Even though the subtitle for Hoopty Time Machines, a collection of flash fiction by Christopher DeWan, is “fairy tales for grown ups,” I was still surprised at the pure whimsy and mystique some of the stories had.
The way DeWan takes old, worn-out stories and gives them makeovers is very grown-up, to say the least: Ariel never got to live her dream of becoming a singer; Rapunzel lives the life of a businessman’s wife—and hates it. But DeWan has a way of writing the modern fallacies of humans in a package uncannily familiar to the stories we tell our children now. Some of his pieces involve superheroes and princesses, some use ancient mythology, and some exist in the world of science fiction. Hoopty Time Machines is a mixed bag, but a reader who sticks in his hand won’t lose.

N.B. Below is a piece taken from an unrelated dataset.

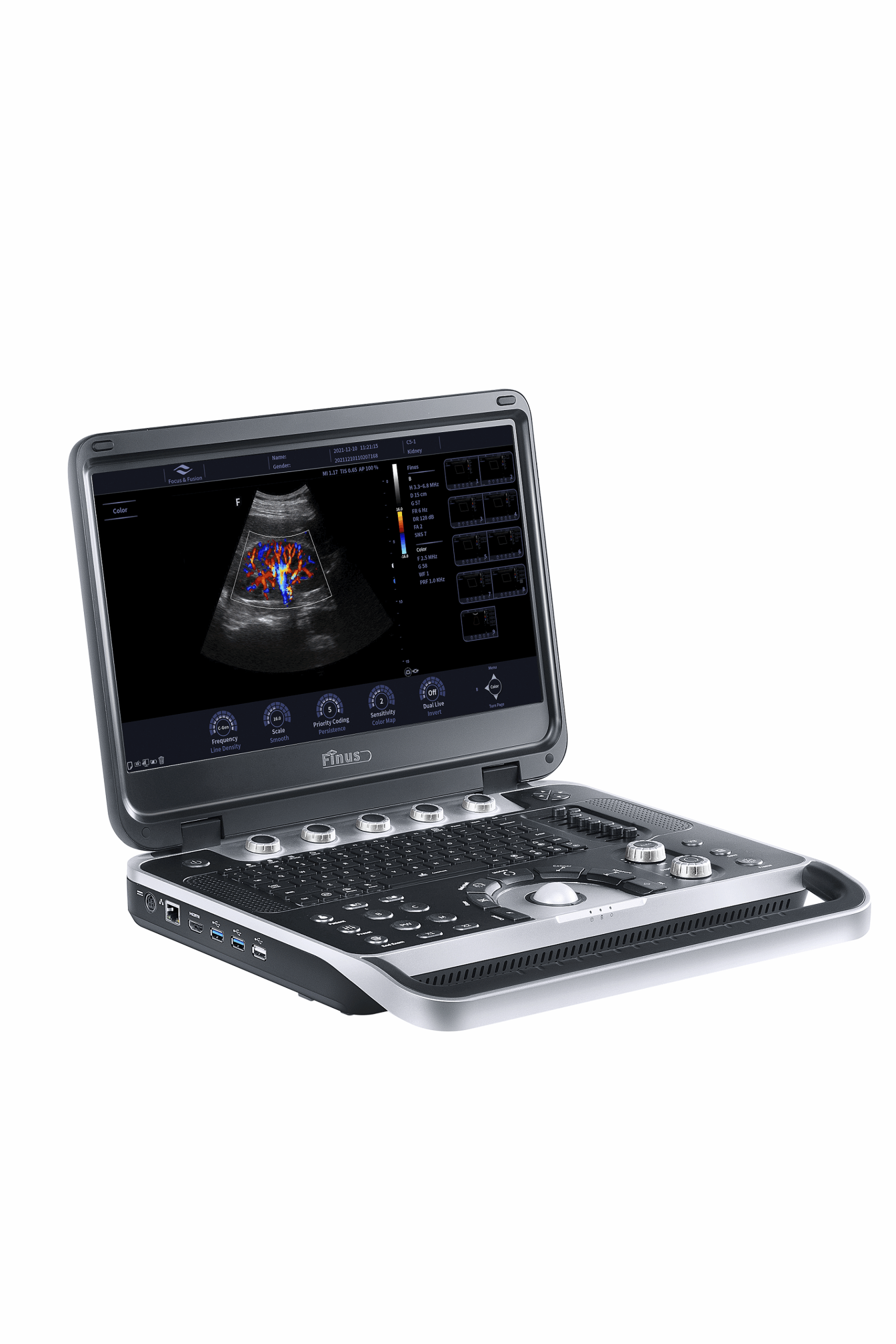 Las tecnologías de imágenes y la tecnología de transductor únicas de Finus 50 brindan al usuario imágenes detalladas para mejorar su confianza en el diagnóstico. Posee monitor LCD de 15,6 pulgadas para una mejor visualización, carcasa de aleación de magnesio para mejor protección, batería integrada, puerto activo para 3 transductores. Diferente posibilidad de transductores y accesorios.

Even though this is only DeWan’s second book, his short stories have been published in numerous journals including Gravel, Hobart, and Necessary Fiction. He’s been nominated twice for the Pushcart Prize. His screenwriting has been recognized by Final Draft, the PAGE Awards, and Slamdance. DeWan knows what he’s doing. Some of the fantasy pieces published in Hoopty Time Machines have been previously published elsewhere as well.
The collection is more than a mash-up of reinvented tropes. Many of the fairytales are truer than the ones we were told as children. The title story, “Hoopty Time Machine,” is about a boy whose dad leaves his family. “I know without being told that he’s never coming back. He’s off somewhere in his hoopty time machine, without me or Mom, trying to correct all his past mistakes” (27). This is how a lot of the stories are shaped, where maybe something isn’t quite right but the narrator pretends or thinks that it is. The speaker in the story knows that the father doesn’t really have a time machine, but he’s willing to believe there’s magic somewhere.

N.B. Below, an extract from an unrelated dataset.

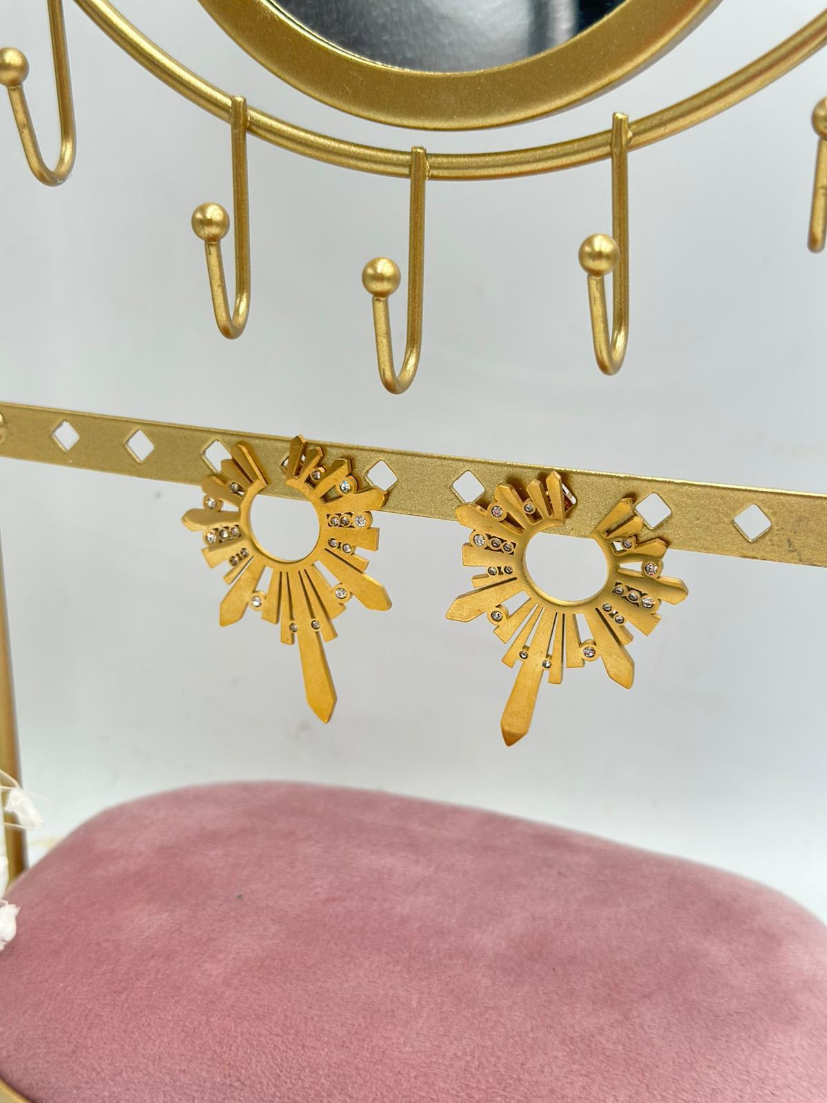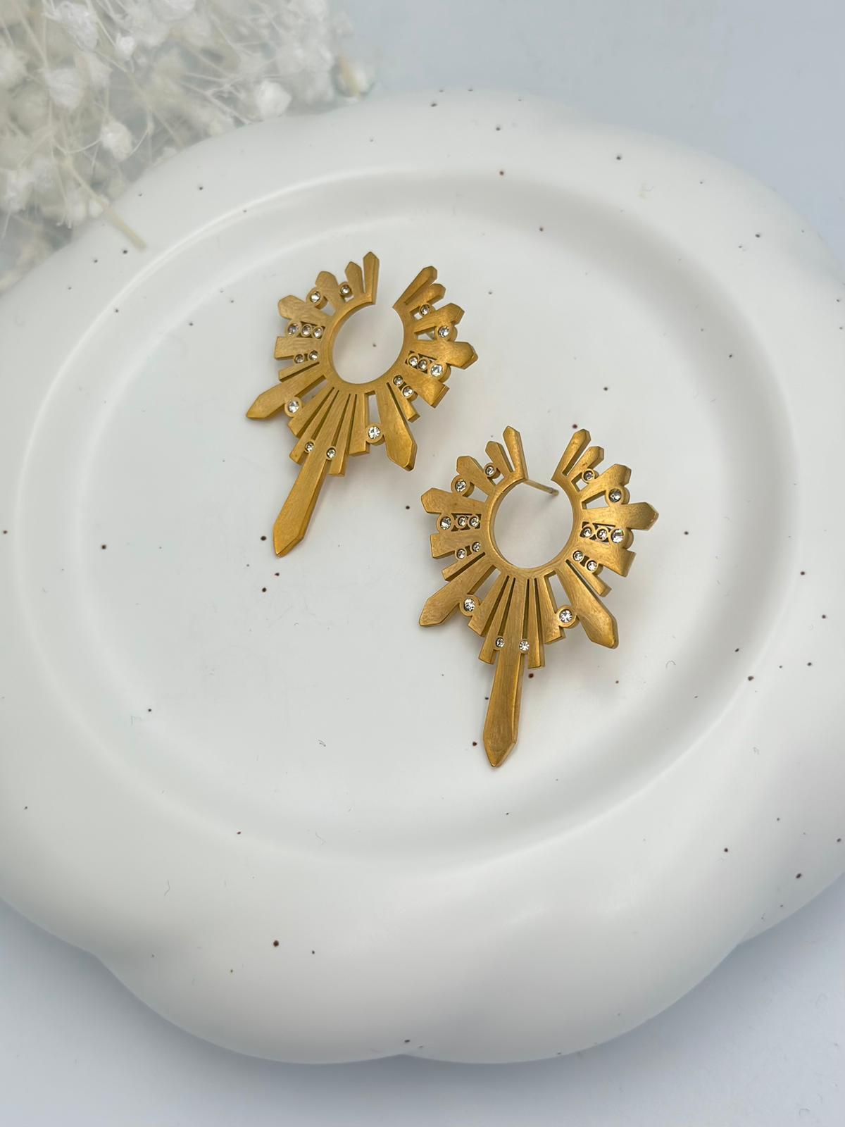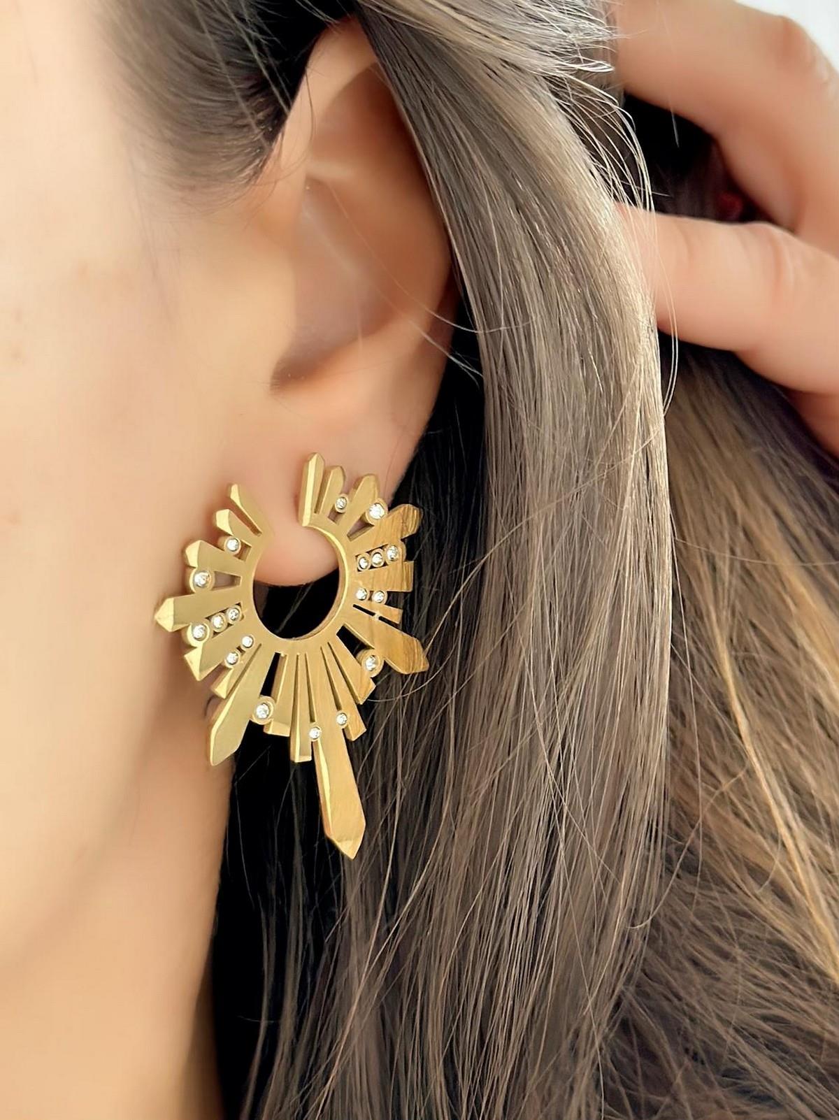 Zirkon Taş Detaylı Güneş Çelik Küpe

As many, especially postmodern, writers, DeWan embraces the theme of loneliness in his writing. Another story in the book is a journal of the last man on earth, and DeWan wrote in the Afterword that sometimes New York City today feels like that—there are so many people, but somehow each person feels so alone. He knew it was a theme he wanted to tackle, and readers see it resurface in pieces throughout.
All the stories have a strange mesh of magic and existentialism, and many make the reader question perception. It is the way that DeWan makes the reader believe—or at least want to believe—in his worlds that make each small story in the collection successful.
Hoopty Time Machines is playfully postmodern. It is all hits and no misses. There are 45 stories in the book, and each page takes readers on a new adventure. That said, some of the narratives seem too short, and they end before they can really take off. In some ways, however, this could be a positive: each piece reads like a quick fairy tale, as one would assume they’re supposed to, and the reader never has a chance to get bored.
Even the few stories that don’t go on for more than a sentence make strong statements in their limited space. Perhaps the best thing about this book is the way it not only combines old stories with new technologies, but the way it invents fantastical stories from just an idea.
Hoopty Time Machines is worth the read—but be advised; the stories are definitely fairy tales for grown-ups.